_Record extracts_
—————

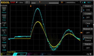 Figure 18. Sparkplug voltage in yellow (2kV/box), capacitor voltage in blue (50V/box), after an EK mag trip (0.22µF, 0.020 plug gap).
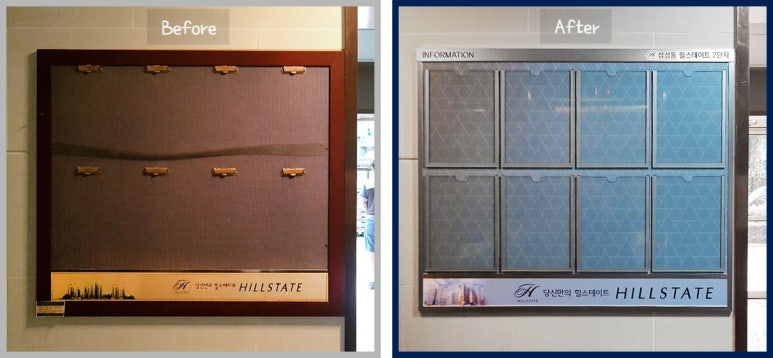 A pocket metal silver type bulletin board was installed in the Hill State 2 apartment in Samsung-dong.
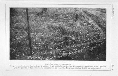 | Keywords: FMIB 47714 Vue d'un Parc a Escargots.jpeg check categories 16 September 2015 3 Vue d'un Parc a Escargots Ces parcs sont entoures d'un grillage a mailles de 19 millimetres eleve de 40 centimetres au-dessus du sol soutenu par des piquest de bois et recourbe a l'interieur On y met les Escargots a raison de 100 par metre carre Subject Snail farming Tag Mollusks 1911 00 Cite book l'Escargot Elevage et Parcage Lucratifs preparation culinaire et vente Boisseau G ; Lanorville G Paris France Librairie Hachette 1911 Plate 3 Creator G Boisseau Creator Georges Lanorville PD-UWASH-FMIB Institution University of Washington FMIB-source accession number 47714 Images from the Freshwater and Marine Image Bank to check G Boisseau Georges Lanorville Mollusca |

—————

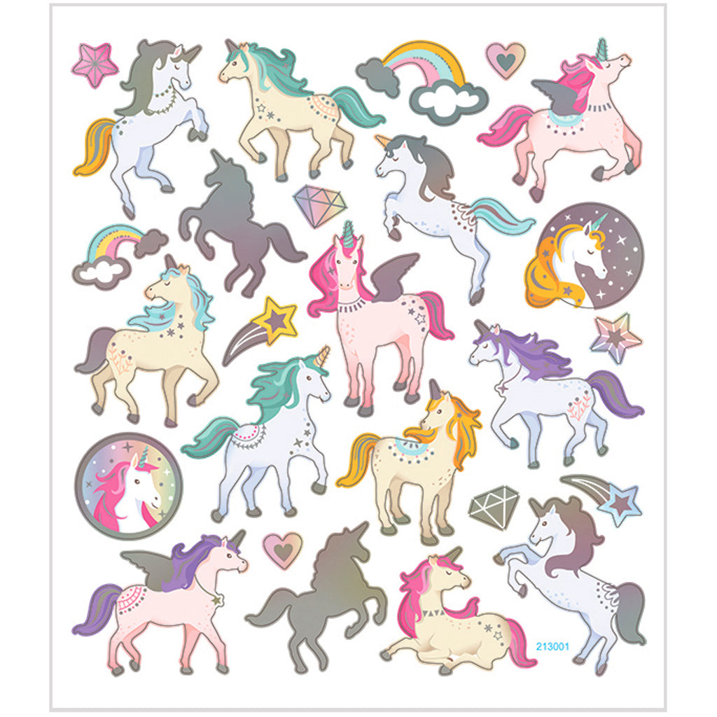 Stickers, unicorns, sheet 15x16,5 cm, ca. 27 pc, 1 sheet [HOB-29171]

—————

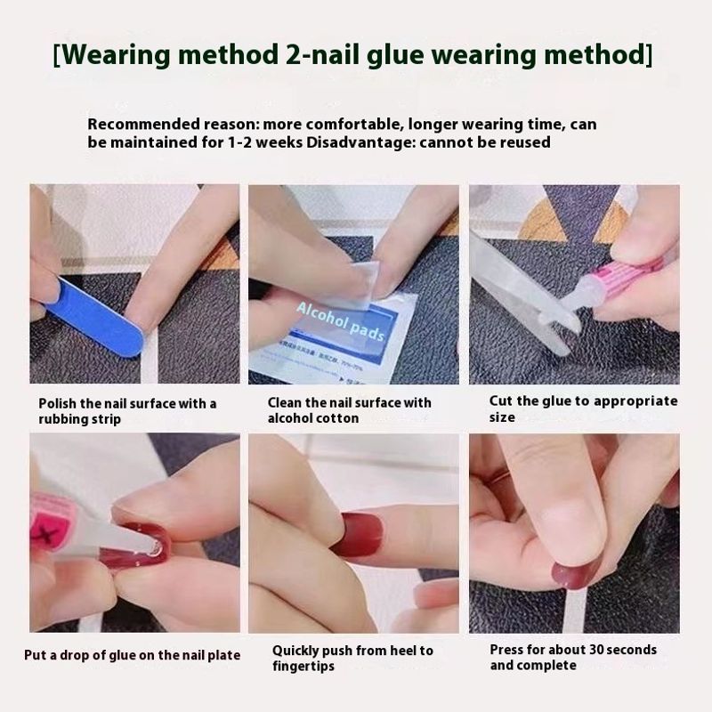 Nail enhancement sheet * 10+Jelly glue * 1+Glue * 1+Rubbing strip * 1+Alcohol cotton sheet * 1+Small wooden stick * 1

—————

_Exercise requirements_
Leaving out each picture, repeat exactly the lines above from the one that contains "Figure 18. Sparkplug" through the one that contains "Lanorville Mollusca |".

_Your response_
 Figure 18. Sparkplug voltage in yellow (2kV/box), capacitor voltage in blue (50V/box), after an EK mag trip (0.22µF, 0.020 plug gap).
 A pocket metal silver type bulletin board was installed in the Hill State 2 apartment in Samsung-dong.
 | Keywords: FMIB 47714 Vue d'un Parc a Escargots.jpeg check categories 16 September 2015 3 Vue d'un Parc a Escargots Ces parcs sont entoures d'un grillage a mailles de 19 millimetres eleve de 40 centimetres au-dessus du sol soutenu par des piquest de bois et recourbe a l'interieur On y met les Escargots a raison de 100 par metre carre Subject Snail farming Tag Mollusks 1911 00 Cite book l'Escargot Elevage et Parcage Lucratifs preparation culinaire et vente Boisseau G ; Lanorville G Paris France Librairie Hachette 1911 Plate 3 Creator G Boisseau Creator Georges Lanorville PD-UWASH-FMIB Institution University of Washington FMIB-source accession number 47714 Images from the Freshwater and Marine Image Bank to check G Boisseau Georges Lanorville Mollusca |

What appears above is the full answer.